▶ Aim of the task: Leave out the pictures, and print exactly the lines from the one holding "Продается квартира площадью" through the last line of the material.

▶ Dataset extract:
⁂
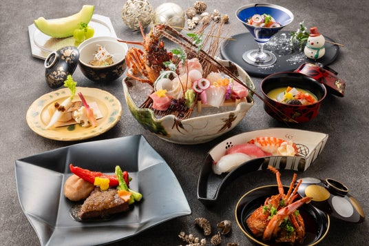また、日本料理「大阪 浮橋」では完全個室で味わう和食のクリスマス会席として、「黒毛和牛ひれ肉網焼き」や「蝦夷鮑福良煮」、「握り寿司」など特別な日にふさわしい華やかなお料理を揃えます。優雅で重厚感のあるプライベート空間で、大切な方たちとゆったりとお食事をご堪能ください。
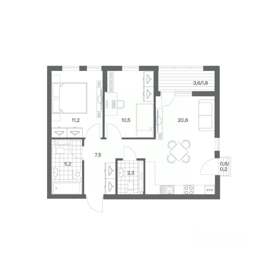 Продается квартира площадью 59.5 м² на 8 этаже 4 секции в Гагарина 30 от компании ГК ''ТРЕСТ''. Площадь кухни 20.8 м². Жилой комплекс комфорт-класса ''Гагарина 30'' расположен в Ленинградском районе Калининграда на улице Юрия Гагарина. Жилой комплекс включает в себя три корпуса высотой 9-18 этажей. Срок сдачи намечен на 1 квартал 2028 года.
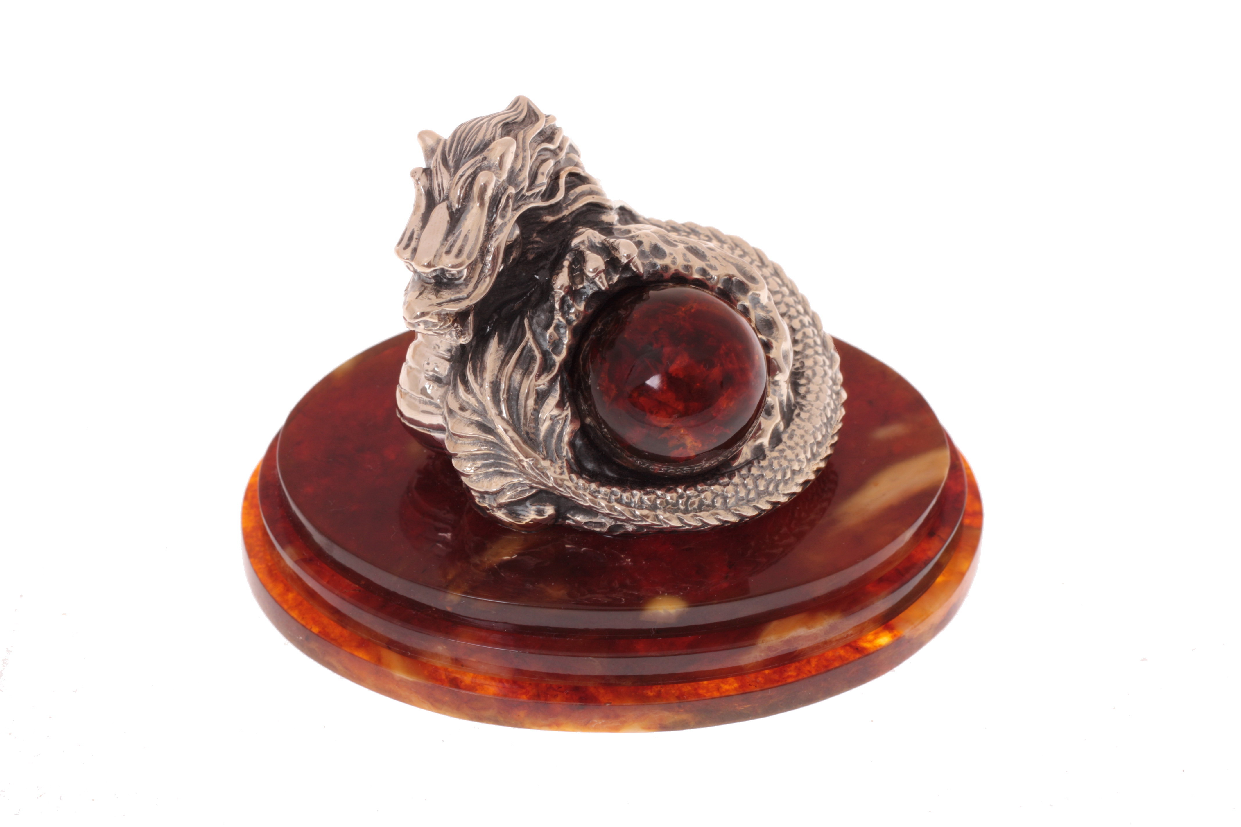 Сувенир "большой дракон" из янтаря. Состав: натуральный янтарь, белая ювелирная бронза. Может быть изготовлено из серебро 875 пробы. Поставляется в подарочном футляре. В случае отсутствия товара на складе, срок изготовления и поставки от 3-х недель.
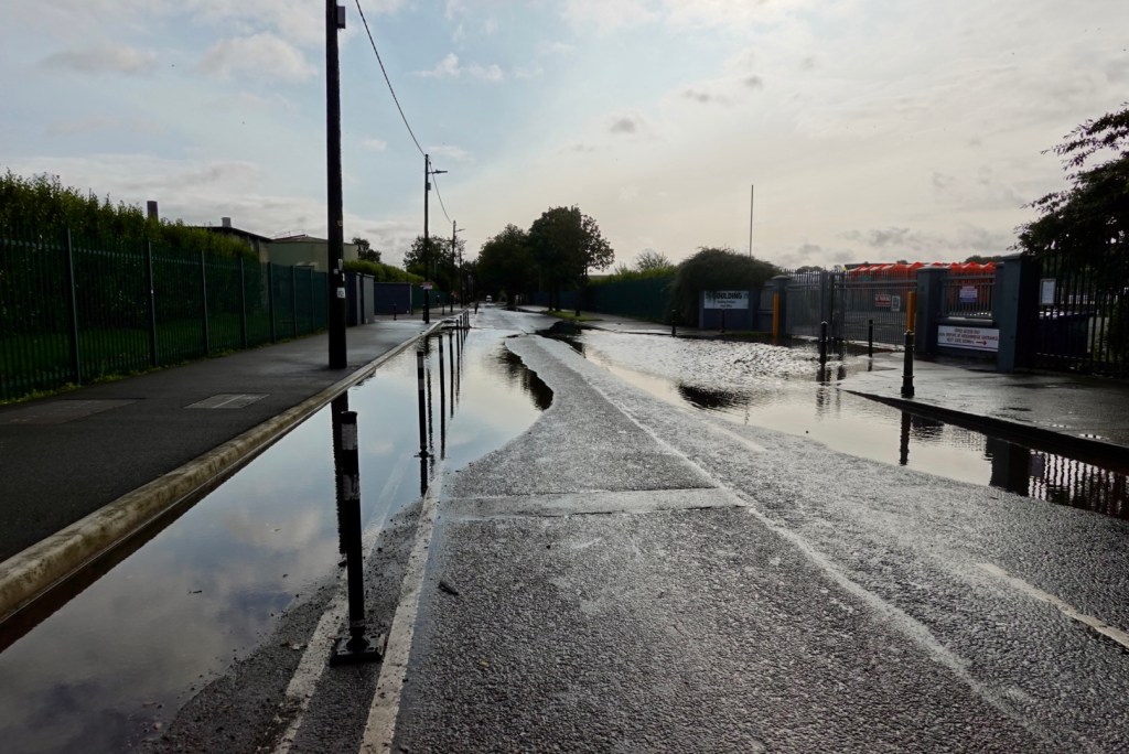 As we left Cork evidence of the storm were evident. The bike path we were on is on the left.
⁂
▶ Final answer:
 Продается квартира площадью 59.5 м² на 8 этаже 4 секции в Гагарина 30 от компании ГК ''ТРЕСТ''. Площадь кухни 20.8 м². Жилой комплекс комфорт-класса ''Гагарина 30'' расположен в Ленинградском районе Калининграда на улице Юрия Гагарина. Жилой комплекс включает в себя три корпуса высотой 9-18 этажей. Срок сдачи намечен на 1 квартал 2028 года.
 Сувенир "большой дракон" из янтаря. Состав: натуральный янтарь, белая ювелирная бронза. Может быть изготовлено из серебро 875 пробы. Поставляется в подарочном футляре. В случае отсутствия товара на складе, срок изготовления и поставки от 3-х недель.
 As we left Cork evidence of the storm were evident. The bike path we were on is on the left.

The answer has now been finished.